Having his time as a gladiator in the pits of Kaon evoked again, and so soon after his combat with Airachnid’s Insecticon, was enough to make Megatron recoil with unpleasant surprise. He raked his narrowed optics over Knock Out’s body again, like he was seeing the changes for the first time—
Yes, yes, he could see it now, as if the doctor’s words had catalyzed memories long left dormant. He recognized suddenly how the designs were inspired, here and there, by gladiators’ warpaint. He’d never seen the glyphs and sigils acknowledging the honored dead executed so exquisitely, but he oh yes, recognized them now, with a thrill that was almost visceral.
And he recognized something else, too—the specific shade of blue that Knock Out had used to so meticulously amend his cherished paintjob.
And suddenly, he understood.
This time it was Megatron who withdrew, backing out of the other mech’s personal space, and Megatron who inclined his head to Knock Out. Before the surprise could fade from the doctor’s optics, he reached out and plucked the brush from the paint pot the grounder still held. The implement was ridiculously tiny in his fingers, but it was sufficient to paint streaks of blue across the barrel of his cannon. The mind had forgotten, perhaps, but the hands remembered how to make the sigils honoring the cherished dead, and Megatron was willing to pay homage to a warrior who’d died in pain and pieces, like so many others who’d fallen in the pits.
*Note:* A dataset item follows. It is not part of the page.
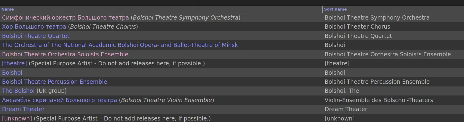 The cover lists “Bolshoy Theatre Orchestra Brass Section” as one of the artists. That specific artist title does not exist in the MB database as far as I can find (ignoring the spelling of “Bolshoy”. I’ll deal with that in the “credited as”). I did find it on Discogs, however, as a variation (their equivalent of an alias) of “Bolshoi Theatre Orchestra Soloists Ensemble,” and that group does exist in MB. Discogs apparently decided that any sub-set of the BTO would just be a variant of the Soloists Ensemble, as there are a large number of variants listed.
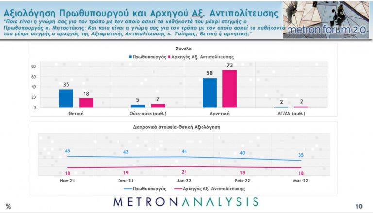 Οι θετικές γνώμες για τον πρωθυπουργό είναι 35% και οι αρνητικές στο 58%. Για τον κ. Τσίπρα οι θετικές γνώμες είναι 18% και οι αρνητικές στο 73%.

His strokes were ragged and sloppy, the sigil superimposed on his plating instead of integrated, but there was a certain grace to it all the same. Megatron thought he detected approval in the glint of the doctor’s eyes as he returned the brush to the pot, but he saw no need to acknowledge it—or to acknowledge the other mech’s pain, spoken so eloquently across his finish and the walls and floor of the medbay.
No other words needed to be said. Megatron turned smartly and left Knock Out to his paint and his grief, demanding that Soundwave accompany him when the surveillance master would have stayed behind to pick the light-blocking patches off the lenses of his cameras.
The doors slid shut and locked again behind them as they exited.
For now, Megatron decided he would permit him the privacy.
**
Serial number 001349, informal appellation Scrapheap, was the first in to see Knock Out when he re-opened the medbay to patients, slipping in before any of the other Vehicons could claim the doctor’s time.
She wasn’t injured, or in need of maintenance.
When she walked out again, there was an intricate design in fresh blue paint on her shoulderguard. She was the first of the crew to sport the memorial to Breakdown, but it spread across the ship, following the whispered wings of words that were more respectful than mere gossip.